## RECORDS FOR THE EXERCISE
---------------
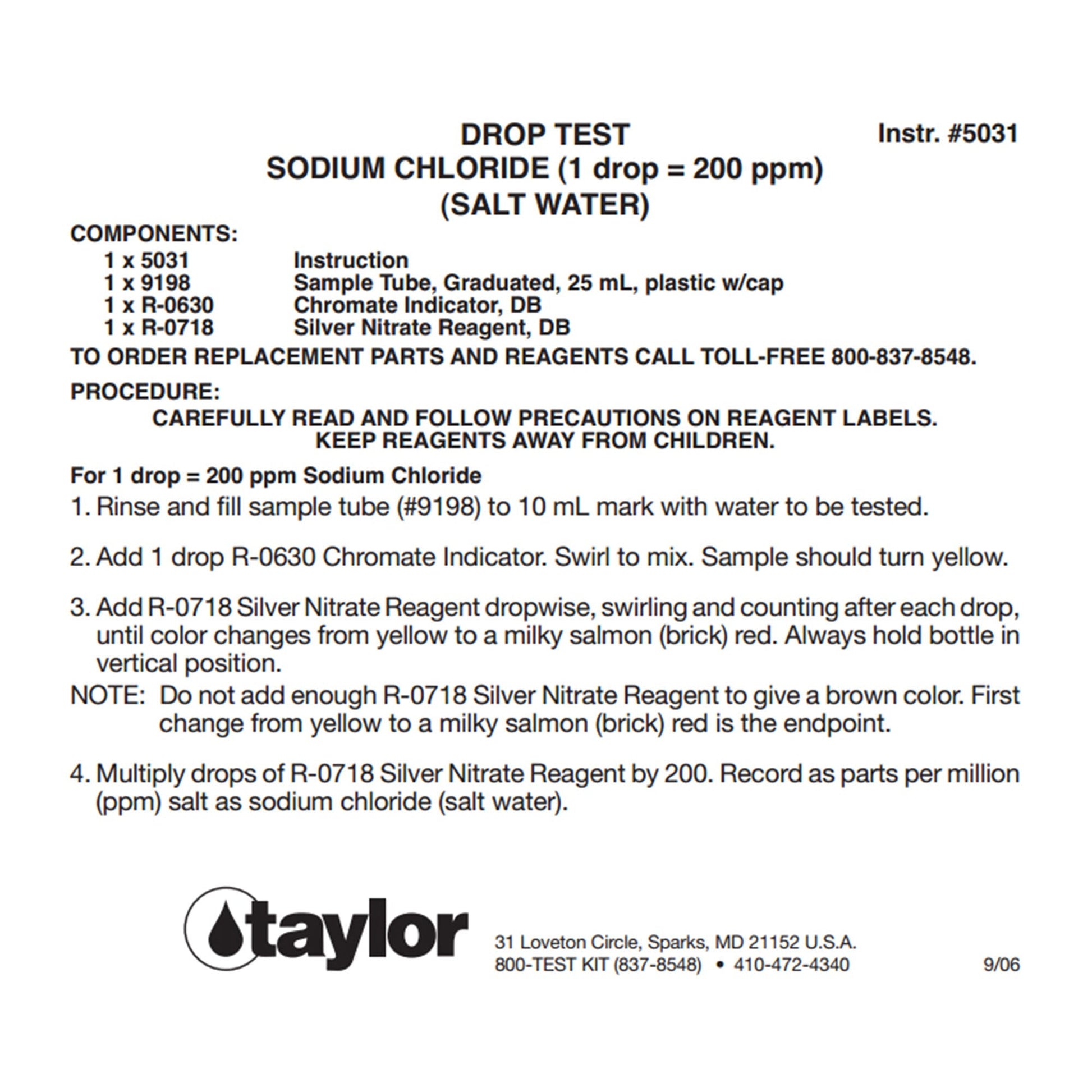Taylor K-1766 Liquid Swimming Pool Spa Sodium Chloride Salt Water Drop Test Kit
---------------
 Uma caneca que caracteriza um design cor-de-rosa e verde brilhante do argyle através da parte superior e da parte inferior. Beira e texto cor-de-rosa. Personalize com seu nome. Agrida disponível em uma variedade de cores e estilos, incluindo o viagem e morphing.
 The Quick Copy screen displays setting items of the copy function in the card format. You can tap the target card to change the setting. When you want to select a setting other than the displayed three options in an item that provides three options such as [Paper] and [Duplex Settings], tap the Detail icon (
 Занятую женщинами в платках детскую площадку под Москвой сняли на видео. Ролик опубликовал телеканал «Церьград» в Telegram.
---------------
## REQUIREMENT
Leave out every line above except those from the line with "The Quick Copy" up to and including the line with "Занятую женщинами в", and copy those exactly.

## ANSWER
 The Quick Copy screen displays setting items of the copy function in the card format. You can tap the target card to change the setting. When you want to select a setting other than the displayed three options in an item that provides three options such as [Paper] and [Duplex Settings], tap the Detail icon (
 Занятую женщинами в платках детскую площадку под Москвой сняли на видео. Ролик опубликовал телеканал «Церьград» в Telegram.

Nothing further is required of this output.